[Excerpts from a dataset]
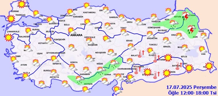 Parçalı, doğusunun yer yer çok bulutlu, Trabzon, Rize ve Artvin’in iç kesimlerinin yerel sağanak ve gök gürültülü sağanak yağışlı geçeceği tahmin ediliyor.
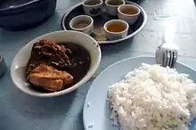 The name literally translates from the Hokkien dialect as "meat bone tea", and at its simplest, consists of pork ribs simmered in a broth of herbs and spices (including star anise, cinnamon, cloves, dong quai, fennel seeds and garlic) for hours.[7][8] Despite its name, there is in fact no tea in the dish itself; the name refers to a strong oolong Chinese tea which is usually served alongside the soup in the belief that it dilutes or dissolves the copious amount of fat consumed in this pork-laden dish.
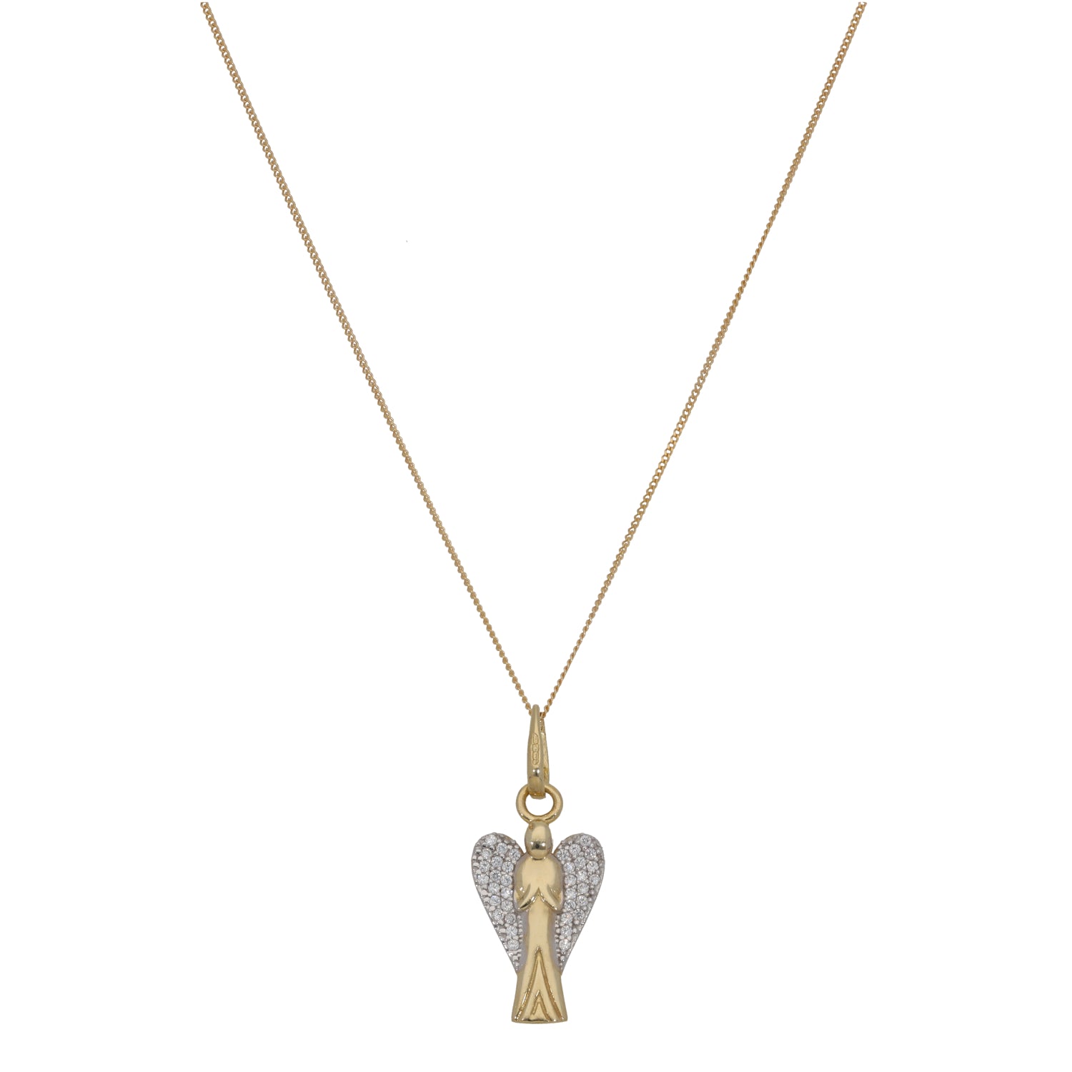 New 9ct Gold Cubic Zirconia Angel Pendant With Chain 18"
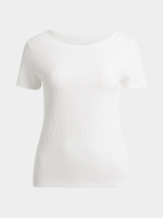 Elevate your style with our Jet White High Neck Crinkle Knit Top. Made with a blend of 99% polyester and 1% spandex, this top offers a comfortable and flattering fit.
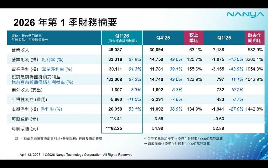 再次列示2026年Q1合并综合损益表核心数据,与第4页财务摘要一致,确认营收、毛利、净利、每股盈余等关键指标。

> **TASK PROMPT**: Please write out exactly, and only, the lines from the beginning of the entries through the line containing "New 9ct Gold", including both and skipping all pictures.

> **TASK RESPONSE**:
 Parçalı, doğusunun yer yer çok bulutlu, Trabzon, Rize ve Artvin’in iç kesimlerinin yerel sağanak ve gök gürültülü sağanak yağışlı geçeceği tahmin ediliyor.
 The name literally translates from the Hokkien dialect as "meat bone tea", and at its simplest, consists of pork ribs simmered in a broth of herbs and spices (including star anise, cinnamon, cloves, dong quai, fennel seeds and garlic) for hours.[7][8] Despite its name, there is in fact no tea in the dish itself; the name refers to a strong oolong Chinese tea which is usually served alongside the soup in the belief that it dilutes or dissolves the copious amount of fat consumed in this pork-laden dish.
 New 9ct Gold Cubic Zirconia Angel Pendant With Chain 18"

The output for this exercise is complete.